Make an exact copy, from the records below, of the lines from the line containing "Oem Custom Embroidered" to the line containing "Infuse your space", both lines included, excluding pictures.

» Given information:
◆ ◆ ◆ ◆ ◆

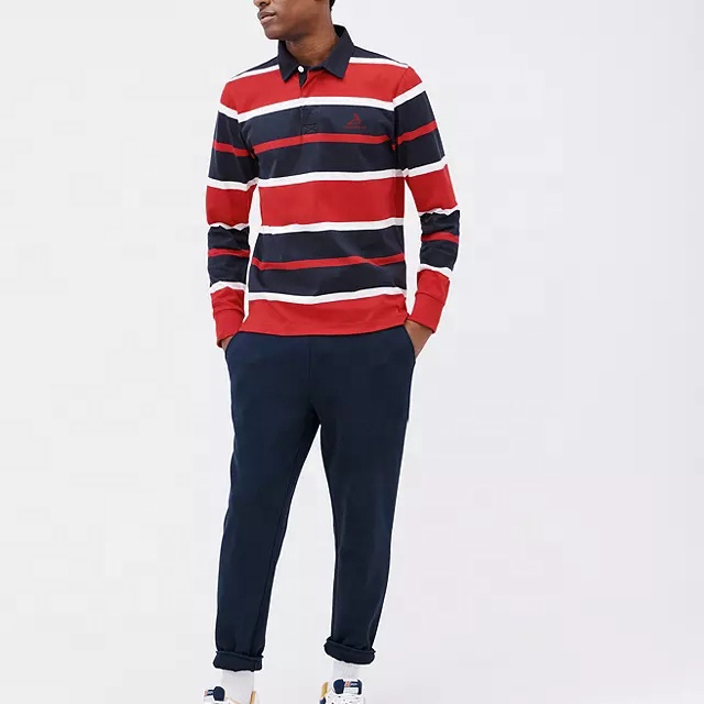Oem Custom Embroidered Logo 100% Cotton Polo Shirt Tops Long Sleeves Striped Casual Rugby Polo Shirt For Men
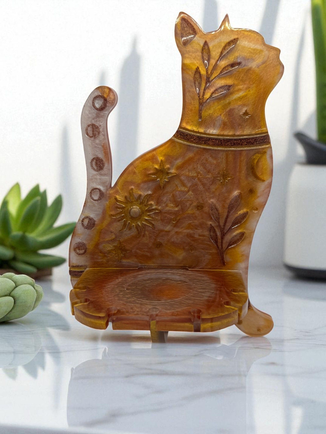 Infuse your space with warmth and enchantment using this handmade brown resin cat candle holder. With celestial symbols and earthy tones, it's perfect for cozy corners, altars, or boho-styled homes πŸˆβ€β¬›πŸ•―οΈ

◆ ◆ ◆ ◆ ◆

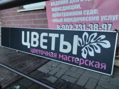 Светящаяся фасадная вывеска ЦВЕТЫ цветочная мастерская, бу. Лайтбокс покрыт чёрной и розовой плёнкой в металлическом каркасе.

◆ ◆ ◆ ◆ ◆

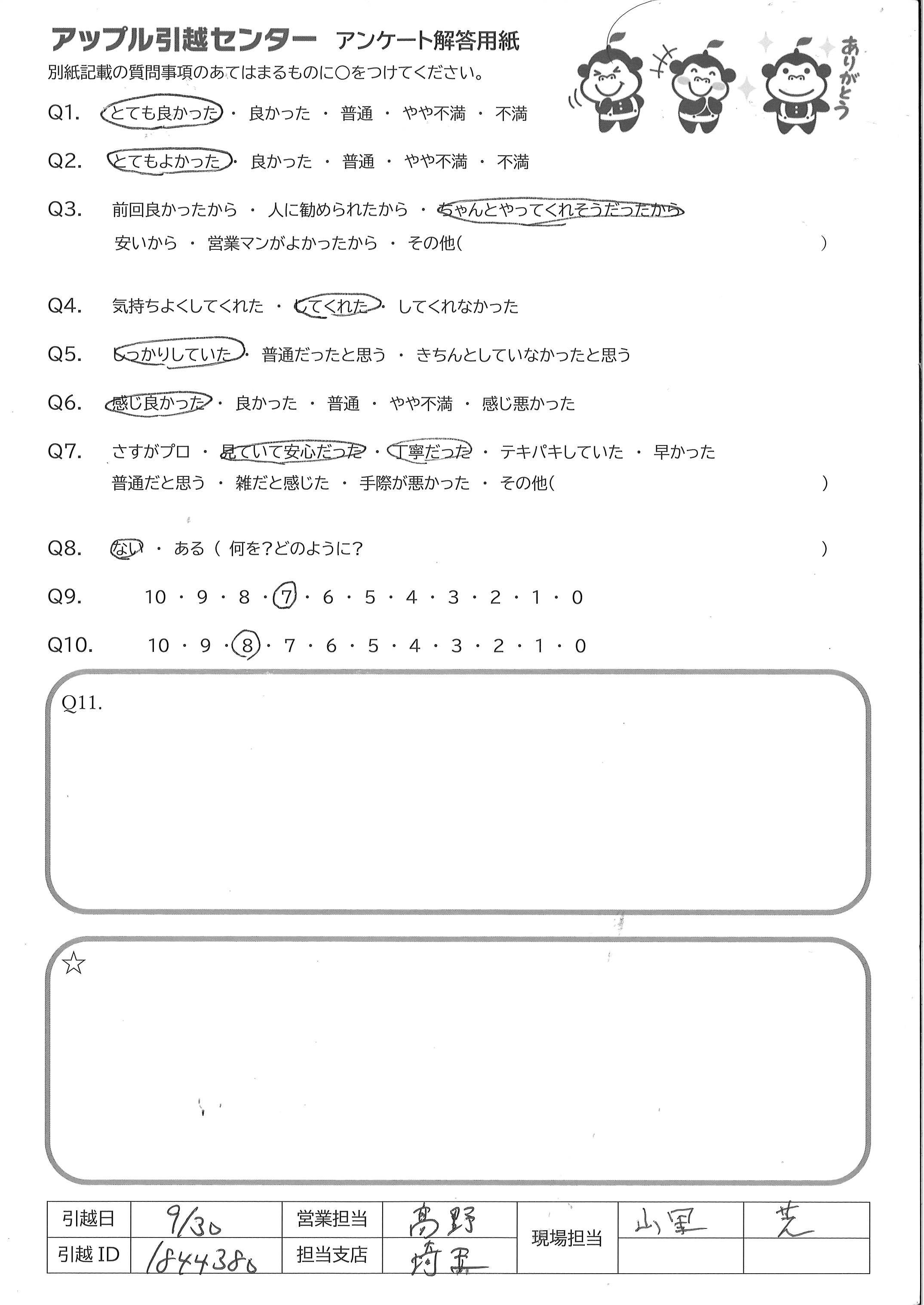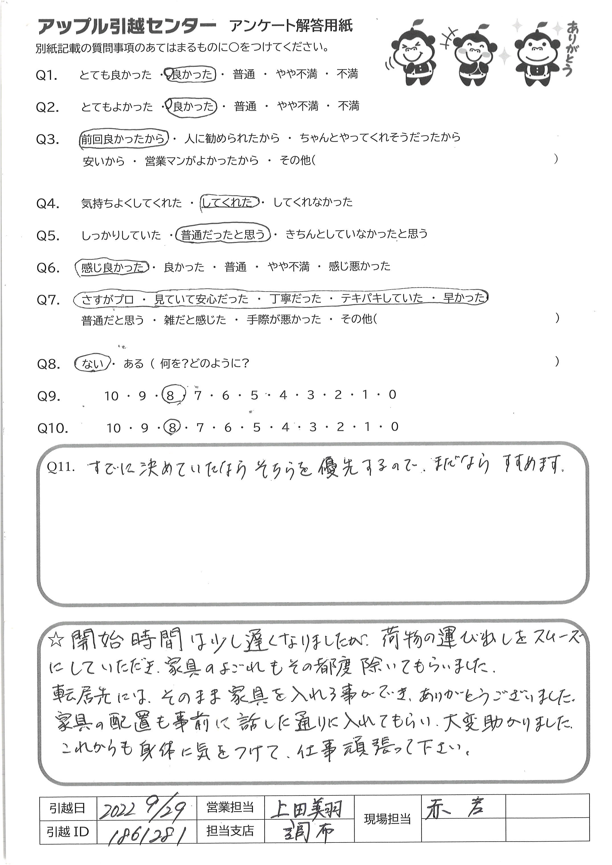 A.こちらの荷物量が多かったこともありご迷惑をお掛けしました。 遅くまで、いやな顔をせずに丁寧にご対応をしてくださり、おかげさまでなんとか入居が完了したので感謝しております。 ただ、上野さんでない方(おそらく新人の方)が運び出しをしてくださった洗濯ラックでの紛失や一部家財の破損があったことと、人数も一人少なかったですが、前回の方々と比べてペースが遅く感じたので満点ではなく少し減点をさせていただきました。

◆ ◆ ◆ ◆ ◆

» Exercise output:
Oem Custom Embroidered Logo 100% Cotton Polo Shirt Tops Long Sleeves Striped Casual Rugby Polo Shirt For Men
 Infuse your space with warmth and enchantment using this handmade brown resin cat candle holder. With celestial symbols and earthy tones, it's perfect for cozy corners, altars, or boho-styled homes πŸˆβ€β¬›πŸ•―οΈ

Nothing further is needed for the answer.